HeGTa: Leveraging Heterogeneous Graph-enhanced Large Language Models for Few-shot Complex Table Understanding
Rihui Jin, Yu Li, Guilin Qi, Nan Hu, Yuan-Fang Li, Jiaoyan Chen, Jianan Wang, Yongrui Chen, Dehai Min, Sheng Bi
TL;DR
HeGTa tackles the problem of few-shot complex table understanding by fusing a tabular heterogeneous graph encoder with a large language model. It constructs a Tabular HG to preserve topological semantics, aligns the HG encoder with the LLM through soft prompts, and pre-trains with three multi-granularity self-supervised tasks (TRC, TCM, TCG) before task-specific fine-tuning.
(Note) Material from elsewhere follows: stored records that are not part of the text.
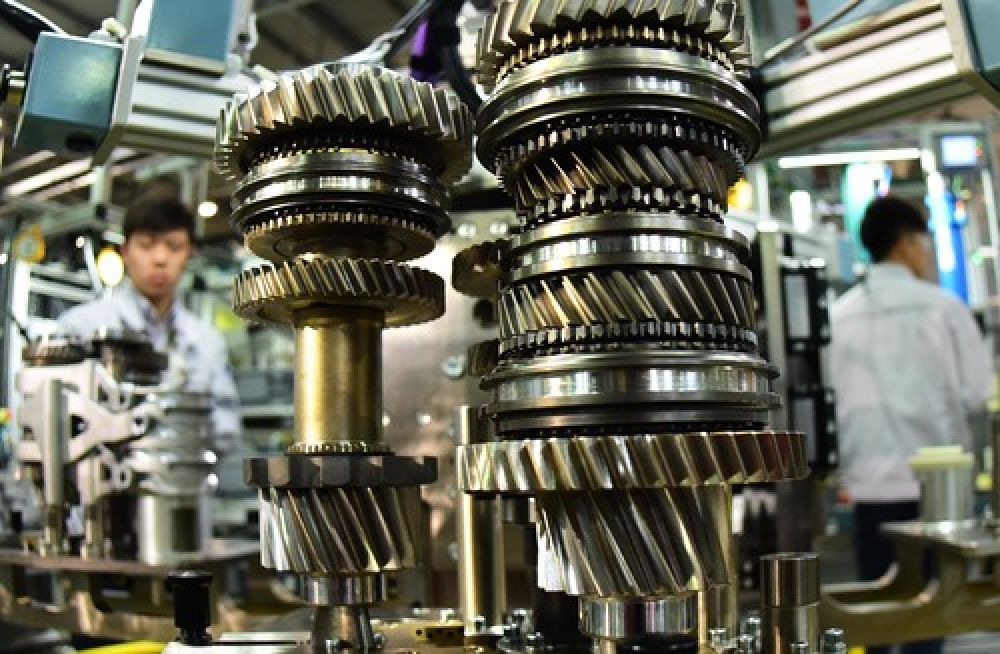 工人在湖北武漢東風(fēng)格特拉克汽車變速箱有限公司生產(chǎn)線上工作。(新華社記者程敏 攝)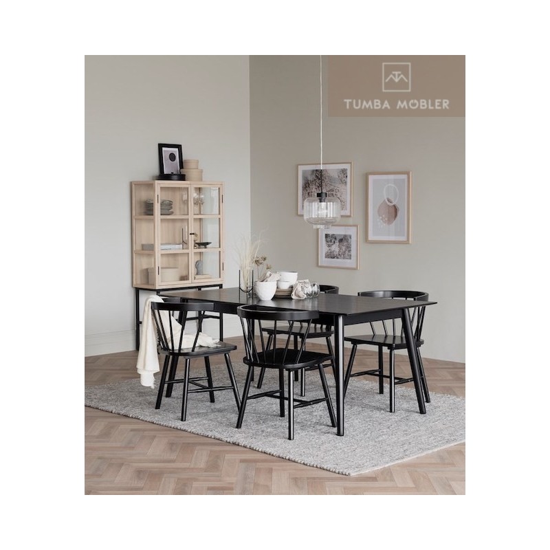 Lotta matbord 180x90 cm i stilren skandinavisk design. Bordet har en svartlackad yta som är lätt att torka av. Matbordet matchas snyggt med exempelvis pinnstolarna Lotta, Carmen eller Casey. Lotta matbord finns i flera olika storlekar samt som barbord.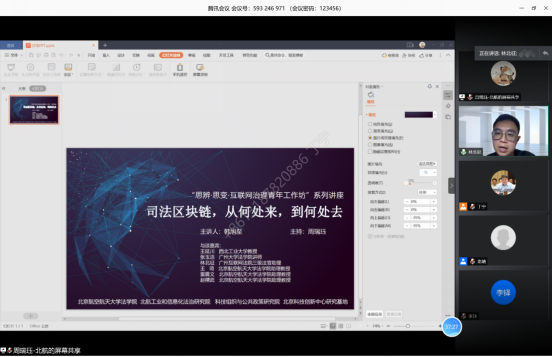 2020年12月6日,由yl7703永利、工信部工业和信息化法治战略与管理重点实验室、北京科技创新中心研究基地、中国科协-北航科技组织与公共政策研究院联合主办的“思辩·思变·互联网治理青年工作坊”系列讲座——《司法区块链,从何处来,到何处去》讲座顺利举办。本次讲座由华东政法大学数字法治研究院副经理、副研究员、yl7703永利集团官网工信部工业和信息化法治研究院(工业和信息化部重点实验室)研究员韩旭志主讲,西北政法大学教授王延川、广州大学yl7703永利讲师张玉洁、广州互联网法院审判管理办公室(研究室)三级法官助理林北征、yl7703永利助理教授王琦、yl7703永利助理教授雷震文、yl7703永利助理教授赵精武作为与会嘉宾参加讲座并进行评议。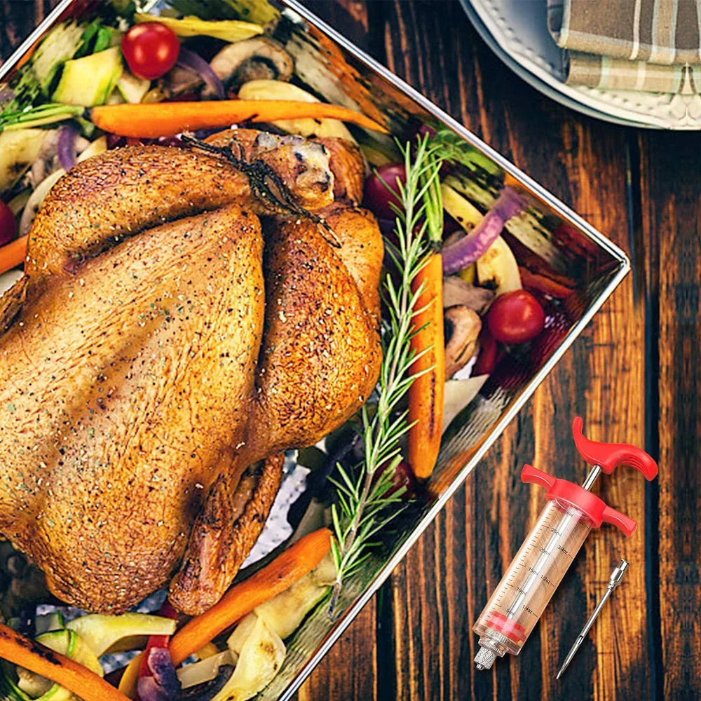 Infuse rich flavor deep into your meats with the Kitchen Groups Turkey Meat Injector Syringe with 3 Marinade Injector Needles. Whether you're prepping a Thanksgiving turkey, BBQ brisket, or juicy roast chicken, this easy-to-use marinade injector ensures every bite is tender, moist, and packed with flavor.

Empirical results across nine TU datasets for CTC, TTC, and TQA show HeGTa achieving state-of-the-art performance in few-shot settings, with ablations confirming the value of each component and the benefits of heterogeneous graph representations over homogeneous or linearized approaches. The approach demonstrates strong generalization and practical potential for real-world TU tasks, particularly those with complex table structures and limited annotations.
Abstract
Table understanding (TU) has achieved promising advancements, but it faces the challenges of the scarcity of manually labeled tables and the presence of complex table structures.To address these challenges, we propose HGT, a framework with a heterogeneous graph (HG)-enhanced large language model (LLM) to tackle few-shot TU tasks.It leverages the LLM by aligning the table semantics with the LLM's parametric knowledge through soft prompts and instruction turning and deals with complex tables by a multi-task pre-training scheme involving three novel multi-granularity self-supervised HG pre-training objectives.We empirically demonstrate the effectiveness of HGT, showing that it outperforms the SOTA for few-shot complex TU on several benchmarks.